# Wife 1st Billfish/swordfish



## TSpecks (Oct 3, 2007)

Well, fished with "Fully Involved" this weekend and had a blast during the ladies tourney with the wife and sister. Wife caught the first sword of the night around 1:00am Sat morning. Then at 3:00am the giant hit and I started screaming for the ladies to come out. My wife grabbed the rod threw it in the chair and the fight was on. She fought the sword for 2 hours, she did awesome for only the second bluewater fish she had ever caught. Trolled during the day my sister caught a 24.8 dolphin. The only fish caught while trolling the first day of the ladies. Sat night my sister slept near the door waiting on her chance for a sword. Got the first bite around 11:00pm got it ina pup so we let it go. Caught one more pup around 2:00 am sun morning. Got another big bite around 4:30and the 80 was screaming for proably 5 min and thehookpulled.Trolled all day sunday and did not get a bite.
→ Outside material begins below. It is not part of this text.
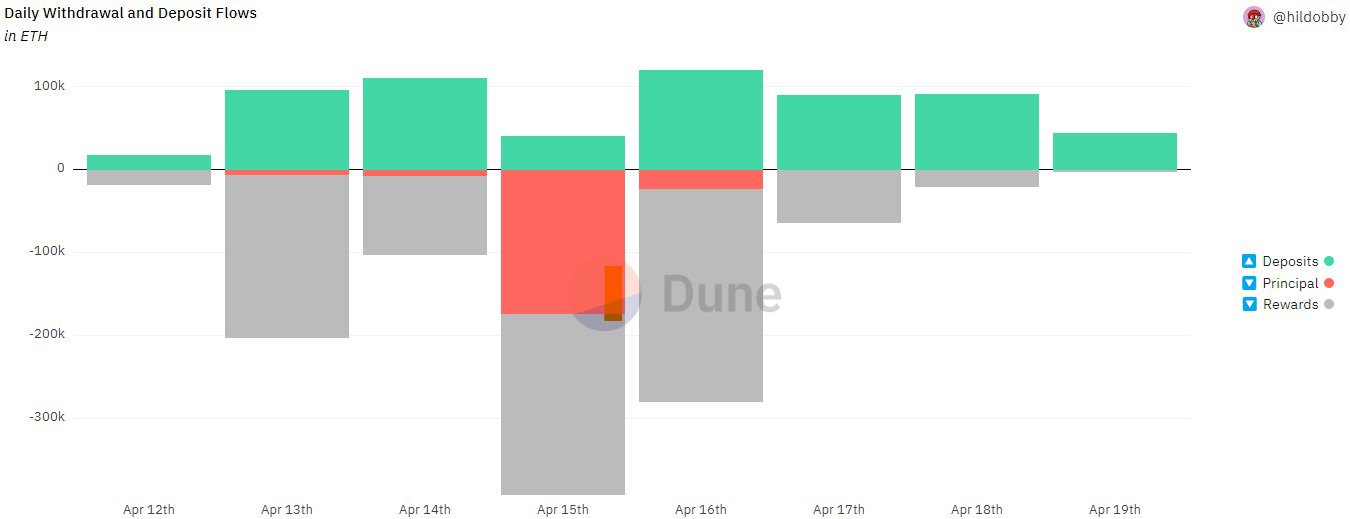 According to Parsec, the total stake of validators waiting in the queue to withdraw their principal is ~640k ETH. That is 3X all the principal withdrawals that have occurred so far.

FinalResults 4-7 on swords and 1 dolphin

Results in Ladies tourney 1st place sword at 126.5 and the dolphin did not place 

For my sister and wife congrats on being top boat of the tourney

Will try and add pics tomorrow, having trouble










wifes sword


----------



## Chris V (Oct 18, 2007)

Good work on those swords! Hopefully heading out tonight to kill one myself.

:clap


----------



## Magic236 (Oct 1, 2007)

Congrats onthetrip and the Lady's Tournament.


----------



## Pinksnappertrapper (Dec 7, 2007)

That Fully Involved is one heck of a swordfisher. He knows what hes doing. Congrats.


----------



## 401 Cay (Sep 30, 2007)

NICE! Looking forward to some pics!


----------



## dorado74 (Oct 16, 2007)

Timmy, tell Emma I said congrats on her first Sword and Top boat, that kicks ass!! 

Scott


----------



## daddytime (Oct 1, 2007)

Congrats to your wife and the win. Good to know we were not the only boat who had slow trolling action.


----------



## Caspr21 (Oct 4, 2007)

Congrats timmy!!!!!!! and wife!!!!!!!!!!!!!!! now where is my damn sword fish!


----------



## Chris Hood (Mar 13, 2008)

Congratulations to both of you! Great report! Its very encouraging to hear a good swordi report. That fishery seems to get better and better each year. I just hope they don't open it back up for the damn commercial guys to come clean them out for another 10 or more years.


----------



## Linda (Oct 2, 2007)

Congrats Tim & family! Saw your wife take a dip in the water on the news lol


----------



## TSpecks (Oct 3, 2007)

sorry took so long:bump


----------